(Recorded data)
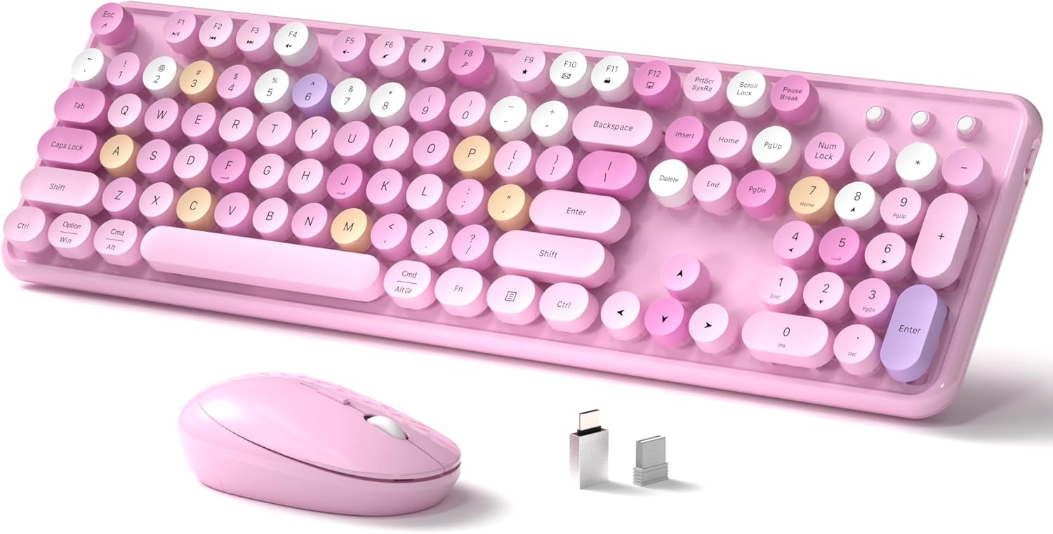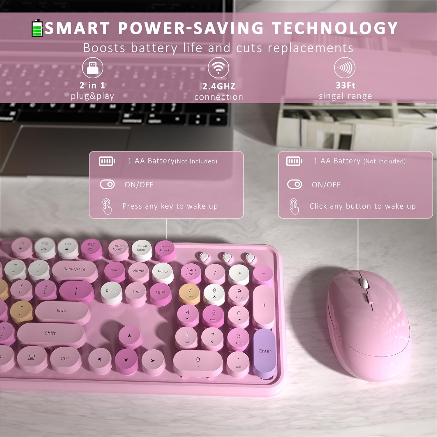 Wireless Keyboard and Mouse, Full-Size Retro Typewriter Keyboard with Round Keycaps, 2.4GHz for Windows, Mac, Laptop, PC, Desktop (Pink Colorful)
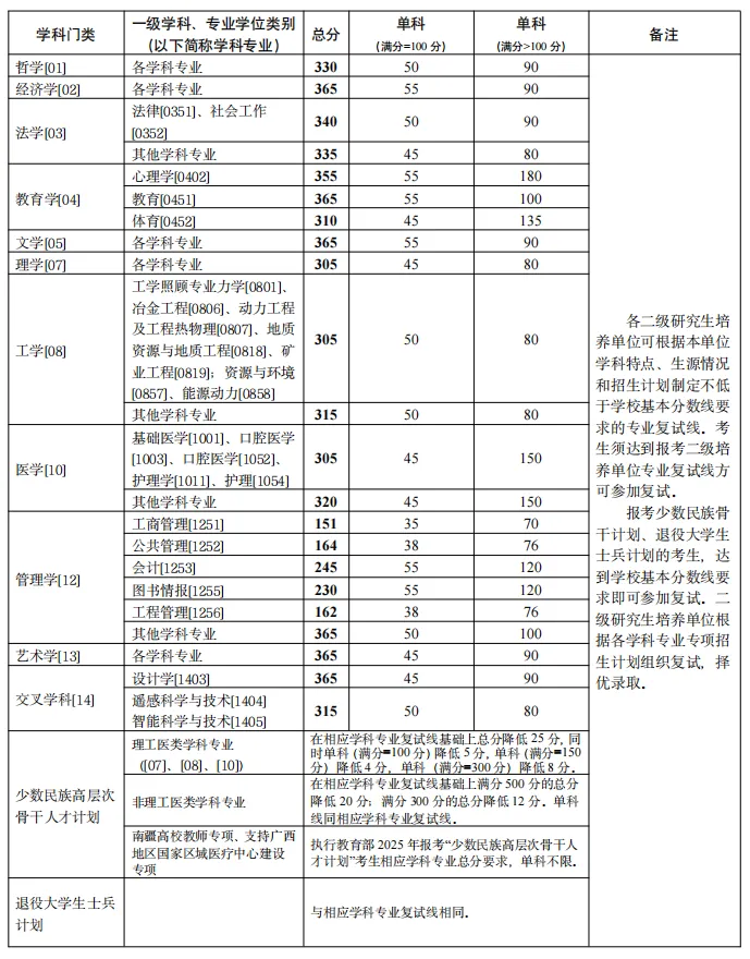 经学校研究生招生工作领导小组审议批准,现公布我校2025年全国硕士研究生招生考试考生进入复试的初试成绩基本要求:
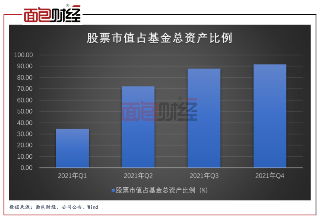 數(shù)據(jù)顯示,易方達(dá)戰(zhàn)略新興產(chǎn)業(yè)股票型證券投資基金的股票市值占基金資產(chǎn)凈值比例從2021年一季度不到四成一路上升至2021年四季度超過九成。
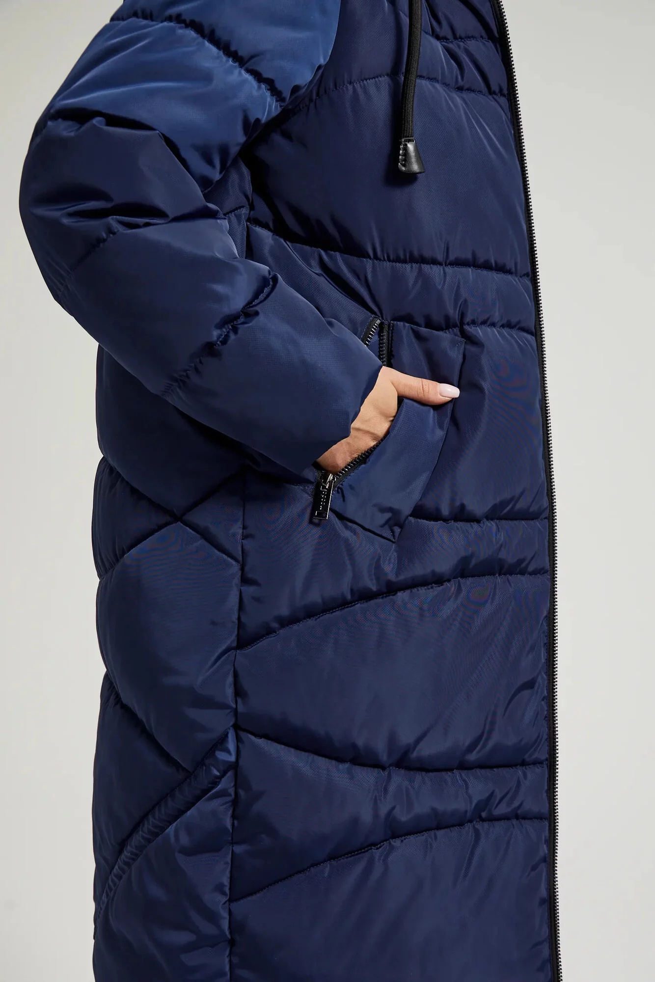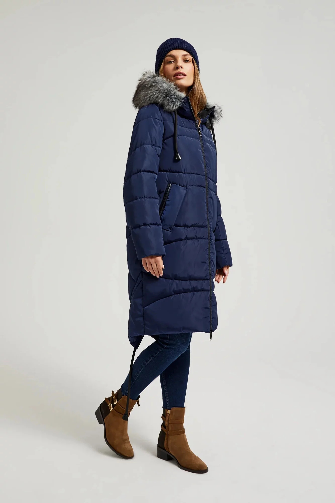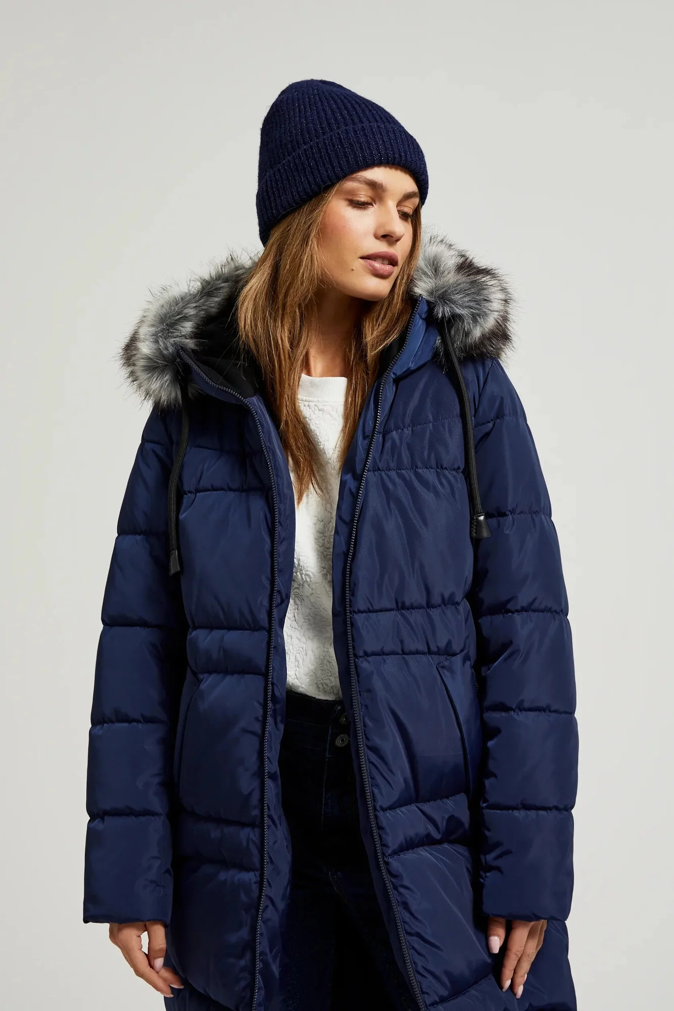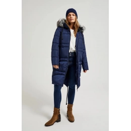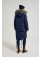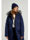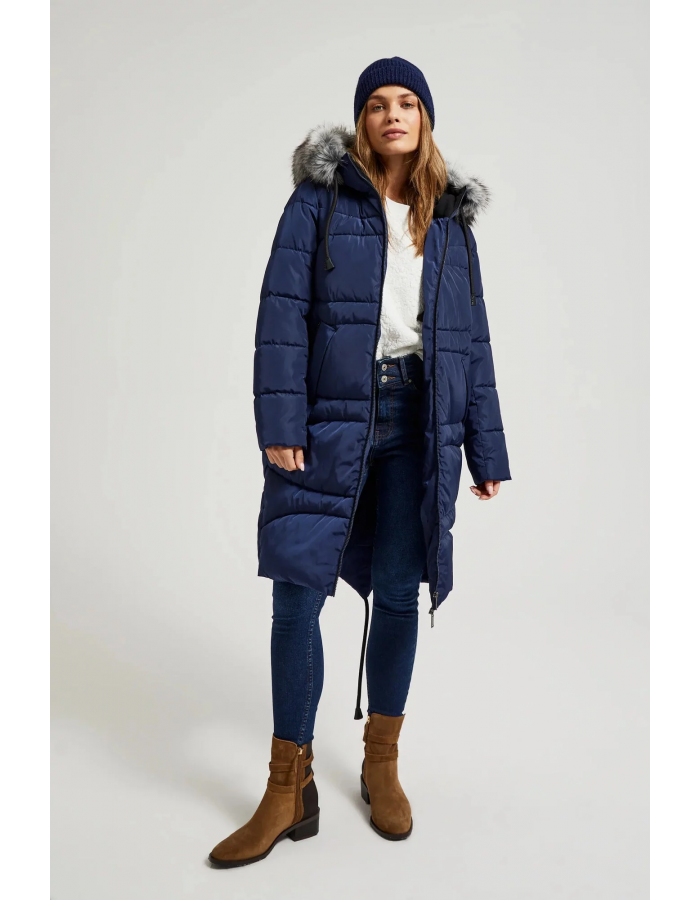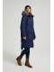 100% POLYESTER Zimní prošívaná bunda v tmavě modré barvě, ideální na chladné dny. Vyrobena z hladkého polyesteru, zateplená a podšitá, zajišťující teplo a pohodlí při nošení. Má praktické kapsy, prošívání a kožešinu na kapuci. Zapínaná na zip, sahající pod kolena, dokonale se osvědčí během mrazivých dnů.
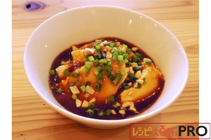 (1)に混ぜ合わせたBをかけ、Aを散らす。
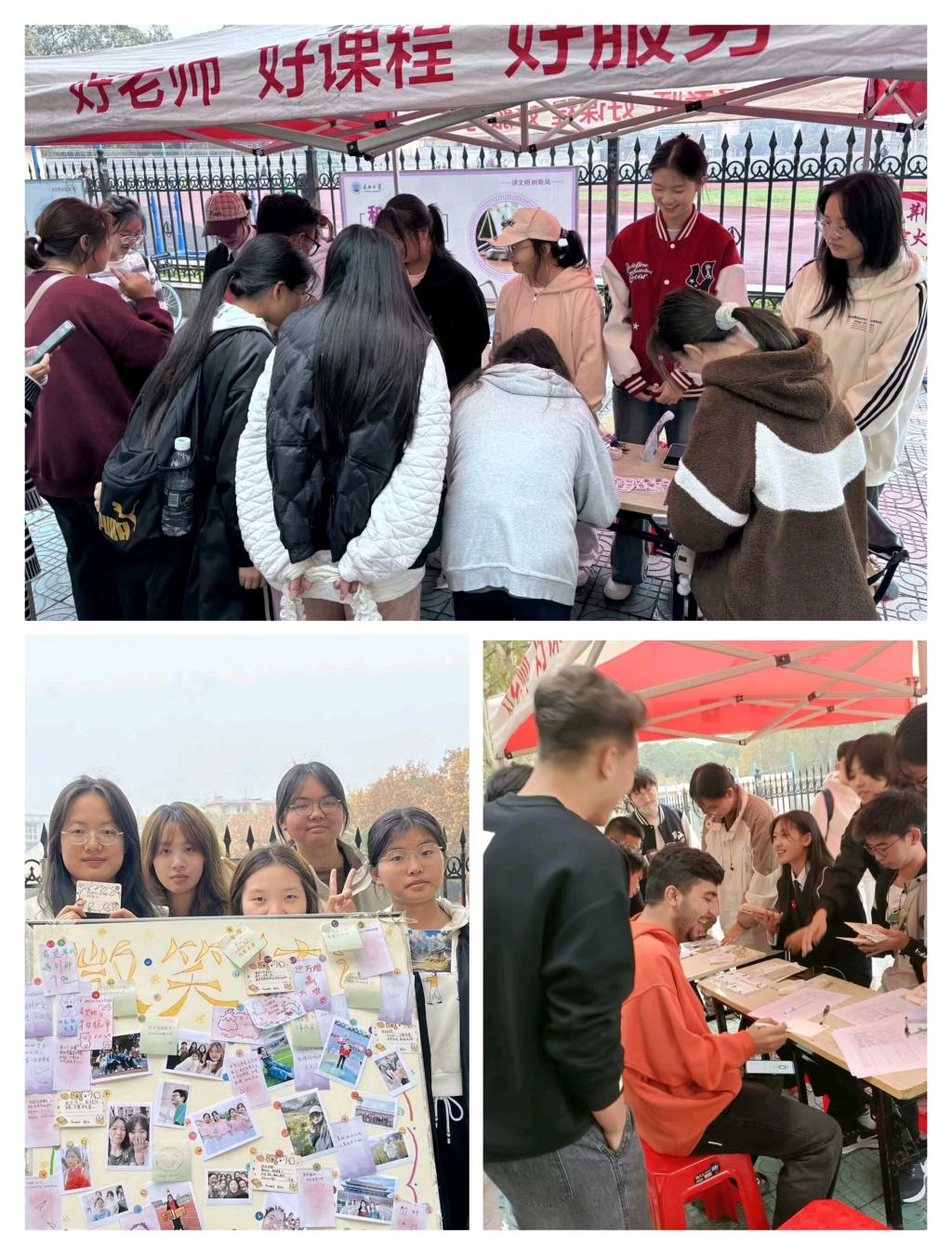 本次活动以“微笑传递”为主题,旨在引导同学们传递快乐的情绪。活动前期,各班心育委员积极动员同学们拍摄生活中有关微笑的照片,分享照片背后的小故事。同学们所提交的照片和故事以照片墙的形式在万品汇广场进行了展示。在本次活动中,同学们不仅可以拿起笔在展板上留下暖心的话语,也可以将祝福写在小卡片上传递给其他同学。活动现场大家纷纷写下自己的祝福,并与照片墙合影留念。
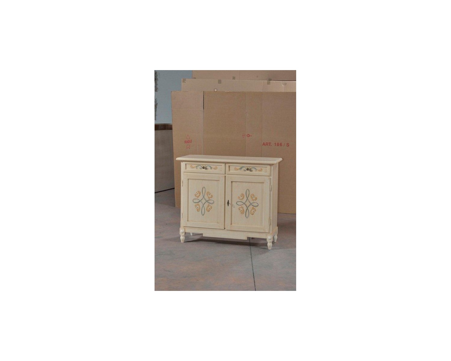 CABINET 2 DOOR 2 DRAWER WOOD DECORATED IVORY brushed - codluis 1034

-- Exercise --
Begin with the line that has "经学校研究生招生工作领导小组" and continue to the last line of the entries, printing each line exactly and nothing else; include both ends and skip the pictures.

-- Answer box --
 经学校研究生招生工作领导小组审议批准,现公布我校2025年全国硕士研究生招生考试考生进入复试的初试成绩基本要求:
 數(shù)據(jù)顯示,易方達(dá)戰(zhàn)略新興產(chǎn)業(yè)股票型證券投資基金的股票市值占基金資產(chǎn)凈值比例從2021年一季度不到四成一路上升至2021年四季度超過九成。
 100% POLYESTER Zimní prošívaná bunda v tmavě modré barvě, ideální na chladné dny. Vyrobena z hladkého polyesteru, zateplená a podšitá, zajišťující teplo a pohodlí při nošení. Má praktické kapsy, prošívání a kožešinu na kapuci. Zapínaná na zip, sahající pod kolena, dokonale se osvědčí během mrazivých dnů.
 (1)に混ぜ合わせたBをかけ、Aを散らす。
 本次活动以“微笑传递”为主题,旨在引导同学们传递快乐的情绪。活动前期,各班心育委员积极动员同学们拍摄生活中有关微笑的照片,分享照片背后的小故事。同学们所提交的照片和故事以照片墙的形式在万品汇广场进行了展示。在本次活动中,同学们不仅可以拿起笔在展板上留下暖心的话语,也可以将祝福写在小卡片上传递给其他同学。活动现场大家纷纷写下自己的祝福,并与照片墙合影留念。
 CABINET 2 DOOR 2 DRAWER WOOD DECORATED IVORY brushed - codluis 1034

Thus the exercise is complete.